Ни один выстрел не раздался с той стороны, и немцы уже без всякой опаски снова рассыпались по берегу и, переговариваясь между собой, еще некоторое время деловито, короткими очередями постреливали по белым лицам мертвых.
Они уже возвращались к машинам, когда кто-то заметил на гребне увала уходящего от реки верхового, а рядом с ним, держась за хомут, бежал другой.
Это было довольно забавное зрелище: русский бежал босиком и без шинели, а лошадь под верховым то и дело сбивалась с усталой рыси на шаг. И немцы, показывая друг другу на увал, захохотали беззлобно и весело.
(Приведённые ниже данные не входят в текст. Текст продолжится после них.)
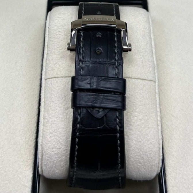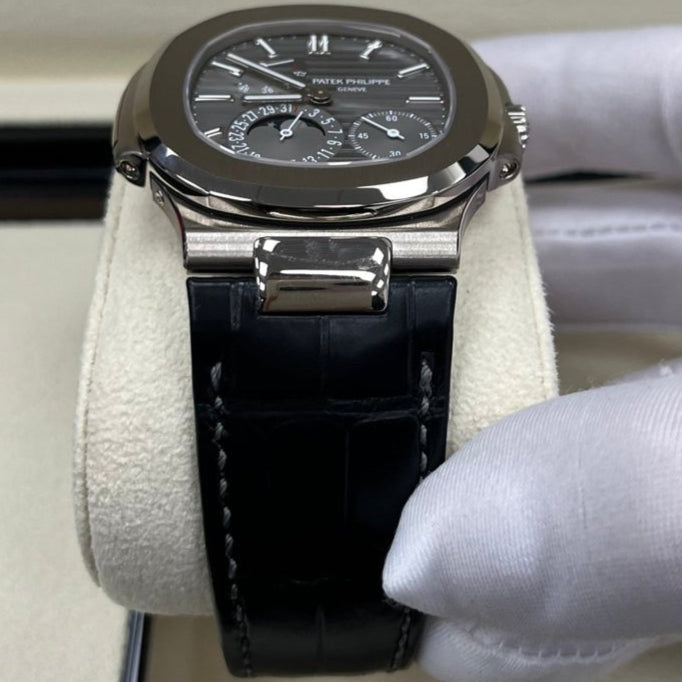 This Patek Philippe Nautilus 5712G is a masterpiece of design and functionality. This piece features a 40mm white gold case with the signature rounded octagonal bezel and ingenious porthole construction. The grey dial is horizontally embossed and accented with luminous hands and markers, ensuring it is easy to read in low light, like the back of a car or club.

Им было весело потому, что русские убегали на запад, где их непременно встретит немецкая пуля, было весело потому, что на дороге с заведенными моторами стояли бронетранспортеры и мотоциклы: стоило только приказать – и жалкие русские погибли бы не менее жалкой смертью. Беглецов можно было, наверное, достать из пулемета, но никто не стрелял: это было великолепно – сознавать, что в твоих руках жизнь и смерть врагов и что сейчас ты весел и даруешь им жизнь.
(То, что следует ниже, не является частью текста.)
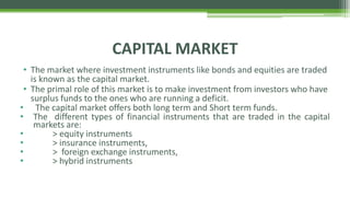 The document discusses the capital market, focusing on the primary market where new securities are issued. It outlines the roles of various players, including underwriters and lead managers, and describes methods of issuing shares such as Initial Public Offerings (IPOs) and rights issues. Additionally, it covers processes like book building and pricing guidelines for new issues, highlighting the significance of underwriting and marketing in facilitating public offerings.
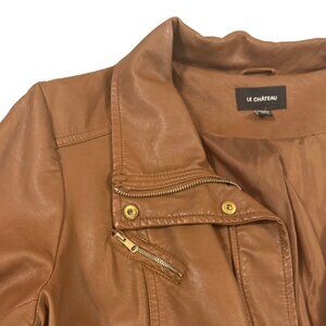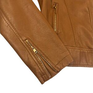 This stylish brown leather motorcycle jacket features a classic biker design with a spread collar and a fitted silhouette. The rich caramel color adds warmth and sophistication, making it a versatile addition to any wardrobe.

С восьми подвод санитарного обоза спаслись только двое: Никола Охватов и Клепиков, черный сухопарый боец, который лежал когда-то с Охватовым вместе в полковой санчасти. И вот снова они оказались вместе, но на этот раз совсем случайно. Когда немцы открыли огонь по обозу, Охватов перерезал постромки у одной из упряжек и, вскочив верхом, прямо через кусты погнал вдоль по берегу. На повороте реки притаился, потому что дальше не было кустов и берег хорошо просматривался с насыпи у моста. Следом прибежал перепуганный Клепиков; у него вчера разрывной пулей отрубило два пальца на левой руке, и сейчас, пробираясь через кусты, он потерял повязку – из обрубков на руке капала кровь. Но Клепиков ничего не замечал.
– Милый сын мой, – запричитал он, судорожно вцепившись обеими руками в ногу Охватова, закровенив его брюки. – Милый сын… Давай же, давай!..
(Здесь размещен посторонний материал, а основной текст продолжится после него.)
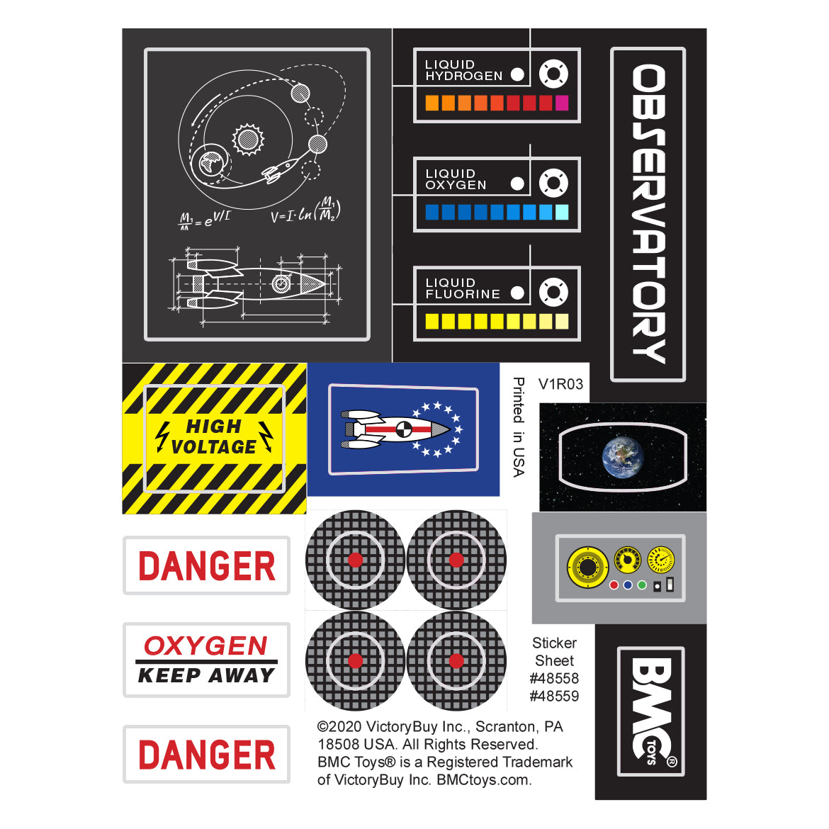 From the Classic Army Men Collector Series, BMC Toys brings back more classic toys from yesteryear. This 24 piece Set of includes a variety of space themed accessories and furniture. The following pieces are made from slightly stiff Stainless-Steel color HDPE plastic: Gravity Chamber, Observatory Dome with skylight, 3 chamber Fuel Tank, Radar Antenna, Supply Cabinet, Speaker Tower, Laser on Stand, Searchlight on base, Camera on stand, Telescope on stand, and Disc Antenna. These pieces are made from slightly stiff red HDPE plastic: Teacher Desk, Chair, Easel, Ladder, 2 Student Desks, 4 Student Benches, Control Chair, and Control Console. These accessories were first offered in the 1950s by Louis Marx and Co. and were included in a number of their legendary Playsets spanning many years including Tom Corbett Space Academy, Space Patrol, Rex Mars, Captain Space, Cape Canaveral, Operation Moonbase, Martian Landing and even the 1979 Galaxy Command Playset during the Star Wars craze. This new production is manufactured using the original plastic injection tools. This is a Set of real American Made plastic toys, meant to be set up, knocked over, picked up, and played with for many years to come. Packed in clear bag bag with insert card and recommended for ages 5 and up.

Охватов не слышал, но понимал, что боец просит не бросать его и торопит бежать. «Куда бежать-то? Ошалел». Клепикова всего трясло: тряслась его сухая голова с жухлыми ушами и острым хрящеватым носом, тряслись руки. Это было противно Охватову, и он оттолкнул коленом перепуганного бойца: «Как утопленник, стерва, вцепится – не оторвешь. Всякому только своя шкура на уме, ни стыда, ни гордости».
Немцы приближались и густо поливали из автоматов. Клепиков как-то сник, опустился на траву, завернул изувеченную руку в полу шинелишки и уже не дрожал больше – на него напала икота.
«Не он о шкуре-то думает, а ты, гад! – внезапно подсказал Охватову внутренний голос. – Неужели один будешь спасаться?..» Охватов спешился, сбросил с себя шинель, ботинки и, посадив Клепикова верхом, одежду свою сунул на седло. Немцы подошли так близко, что Охватов расслышал трескотню их автоматов, и оттого, что он стал немного слышать, в душе его высеклась надежда на спасение. Приподнятый своей решимостью, он взялся левой рукой за обрывок постромки, а правой сплеча секанул пряжкой ремня по лошадиной спине, по морде, под брюхом. Озверевший от боли конь так рванулся из кустов, что это едва не стоило жизни Охватову, потому что он еле-еле удержался на ногах. Проскакав по берегу шагов полтораста, они, незамеченные, по распадку выбежали наверх, и лошадь, которую Охватов все порол и порол своим ремнем, вдруг ослабела. Ей надо было передохнуть. Задыхался и сам Охватов. Он спиной своей чувствовал, что немцы видят их и вот-вот ударят по ним из пулеметов, но сил уже не было. Они то замедляли шаг, то переходили на рысь, и ни разу не оглянулись назад.
Поле круто пошло под изволок и внизу встретилось с дубовым мелколесьем. Желтый сухой лист гремел под ногой, и Охватов не сразу понял, что слышит шум своих шагов, слышит, как с робким жестяным звоном цепляются за одежду листья и ветки дубняка. Лицо Охватова осветилось странной, глуповатой улыбкой.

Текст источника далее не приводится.